Yeah the Juubi can do the same THROUGH THE CANNON's power multiplier. 

It can't do it by itself obviously, it doesn't have the feats, we saw that its strongest TBBs are nowhere near Moon level, so... 

Also Pain was planning a country level weapon, much weaker than Kumo's moon level cannon...


----------



## MYGod000 (Oct 18, 2020)

blk said:


> - actually it would have destroyed the Moon by teleporting it in another dimension or something... Or at least that's what i read..
> @WorldsStrongest not sure if you watched the movie but can you confirm this?
> 
> - makes no sense to say it's an anti feat for the Moon pal... The Moon is just a huge a space rock, can't even have feats.
> ...





Considering it took a Couple Hundred Cloud Shinobi to power that Cannon....it shouldn't even be a Debate the juubi>That cannon.
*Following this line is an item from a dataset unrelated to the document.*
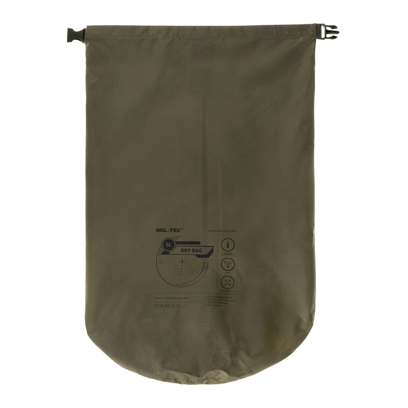 En vandtæt transporttaske med en kapacitet på 5 liter er fremstillet af slidstærkt, trelags 210T polyester belagt med polyurethan, hvilket giver en vandtæthed på 5000 mm/m². Konstruktionen er forstærket med laminerede sømme, hvilket øger modstanden mod fugt. En tætsluttende rullelukning med spænder beskytter effektivt indholdet mod vand. Når spænderne er fastgjort, fungerer de sammen med lukkeskinnen som et bærehåndtag.

Pain Said he was going to use A Bijuu Super Weapon, But it was never said Country Level would be the Limit of that Weapons power.
Just like country level isn't the Limit of the Juubi's power who in it's Skinny form was already planet level in chakra.

Edit: You also continue to ignore that the Juubi Across all Media has been stated to have *"Immeasurable"* chakra.   If a Chakra cannon Powered by cloud Village shinobi is able to destroy the moon using 8 TBB like beams, then it no Doubt the Juubi can easily destroy the Moon regardless of his feats.


----------



## dergeist (Oct 18, 2020)

blk said:


> - actually it would have destroyed the Moon by teleporting it in another dimension or something... Or at least that's what i read..
> @WorldsStrongest not sure if you watched the movie but can you confirm this?



Nope that's fanfic whoever typed that is making up nonsense, it was going to obliterate it. Even if it transported it, the moon was going to be blown to bits by the chakra. My guess is transportation was so any remnants don't hit the earth, sonce Ninja can't be everywhere to destroy them.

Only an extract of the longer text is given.